町議会議員であった被告人が,私利私欲を図る目的で,その立場を悪用して,特定の業者のために町の担当職員に不正行為をさせ,かつ,入札の公正を害した行為は,議員としての自覚を欠き,公職の廉潔性と公務の公正に対する信頼を著しく損なわせたものとして,厳しい非難に値する。約束にかかる賄賂の額も少なくなく,しかも,被告人は,町議会議長選挙に際し立候補者から賄賂を受け取るという事前収賄の罪で起訴され,同年8月7日に懲役1年,執行猶予3年の判決を受け,同判決は同月22日に確定したものであるところ,同裁判の係属中に何らはばかるところなく本件約束にかかる賄賂の中200万円を収受し,更に判決宣告後確定前に残りの100万円を収受し,その上,虚偽の借用書を作成して罪証隠滅を図っているのであり,公職の廉潔性保持に対する意識の欠如は著しく,汚職の罪の重大性に対する認識を欠いているといわざるを得ず,さらに,上記事前収賄の犯罪と併せて考えると,被告人には汚職に対する罪悪感の欠如と同種の犯罪傾向が存在するものといえるのであり,被告人の刑事責任は誠に重いというほかない。
ところで,所論は,起訴されていない犯罪事実を実質的に処罰する趣旨で量刑上考慮することは許されないとして,本件供与の約束にかかる賄賂の収受の事実を量刑上重視するべきではないと主張する。しかしながら,現職の公務員が賄賂供与の約束をし,その約束に基づいて賄賂を収受した場合には,包括して収受罪一罪が成立すると解されるところ,本件において,被告人は,賄賂を収受する以前に議員を辞職して公務員たる地位を失っているため収受罪は成立しないのであるから,そもそも上記賄賂の収受の事実は所論のいう犯罪事実に当たらない。のみならず,同事実は,約束の罪による結果として同罪の犯罪事実と密接な関係のある犯情として量刑に当たり当然考慮されるべきであり,さらに,被告人の犯行に対する反省の情や犯罪性向を推知する資料として用いられることになるといえる。また,被告人自身による罪証隠滅行為が犯罪を構成しないからといって,隠滅行為の存在やその態様等を情状として考慮することは何ら差し支えない。
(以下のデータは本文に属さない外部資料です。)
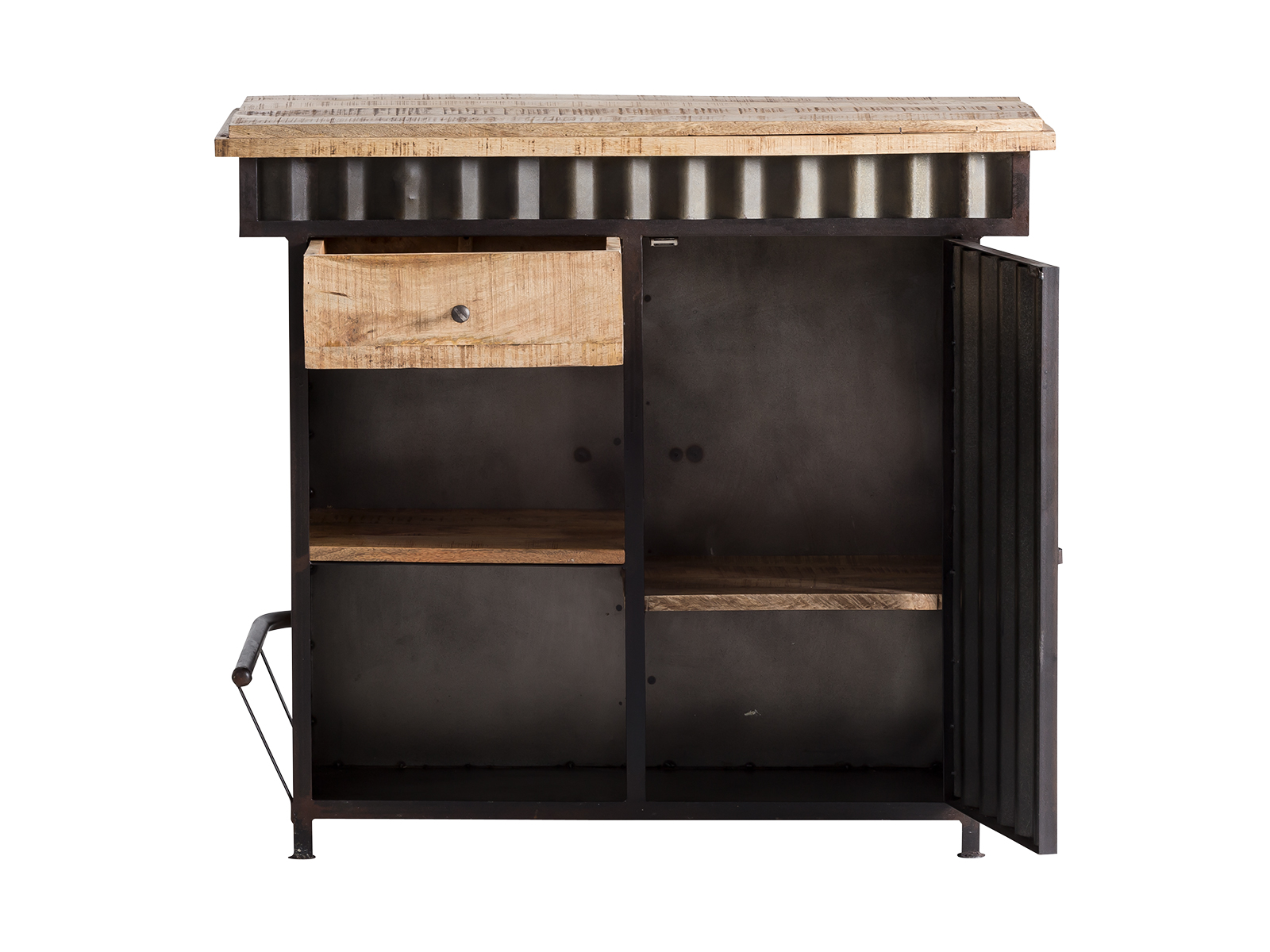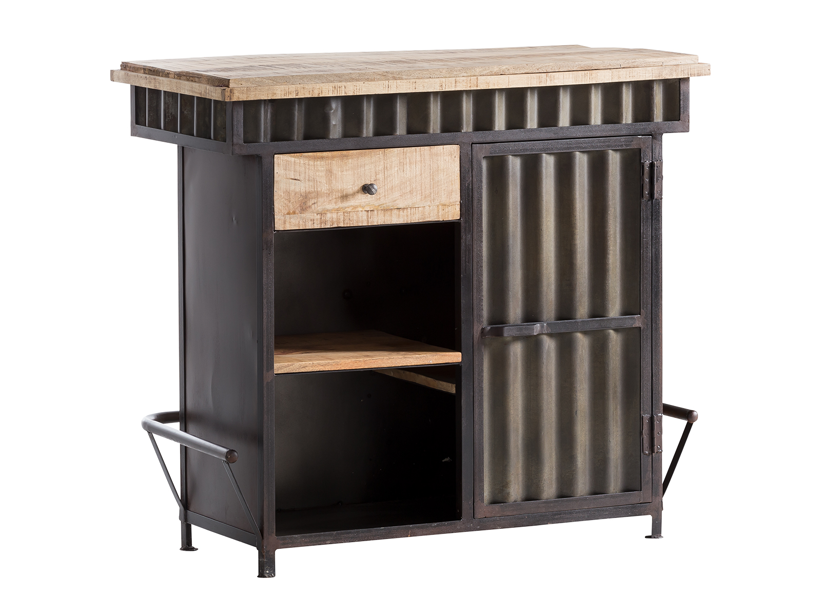 Das robuste Metallgestell mit Rundherum Fußstütze ist nicht nur stabil, sondern gibt auch einen sicheren Halt für alle, die ihre Getränke gerne im Stehen genießen. Und wenn es um die Lagerung Ihrer Barutensilien geht, haben Sie mit dem Bartresen Yorkshire alles im Griff. Die offenen Fächer, Schubkasten und Fächer hinter der Tür bieten viel Platz für Flaschen, Gläser, Korkenzieher und alles, was Sie für Ihre Lieblingsgetränke brauchen.

そうすると,被告人は,本件起訴後は反省をしており,町議会議員等の公職を全て退き,前刑裁判及び本件で身柄拘束を受け,本件がマスコミに報道されるなどして世間から強い非難を浴び,相当の社会的制裁を受けていること,被告人には相当以前の罰金前科2件以外に前科はなく,本件で実刑となると前刑の執行猶予が取り消され,併せて服役することとなることなどの被告人にとって酌むべき事情,及び上記事前収賄罪と同時審判された場合の量刑との均衡を考慮しても,被告人を懲役2年,追徴300万円に処した原判決の量刑が重すぎるとはいえない。論旨は理由がない。
第3よって,刑訴法396条により本件控訴を棄却することとし,主文のとおり判決する。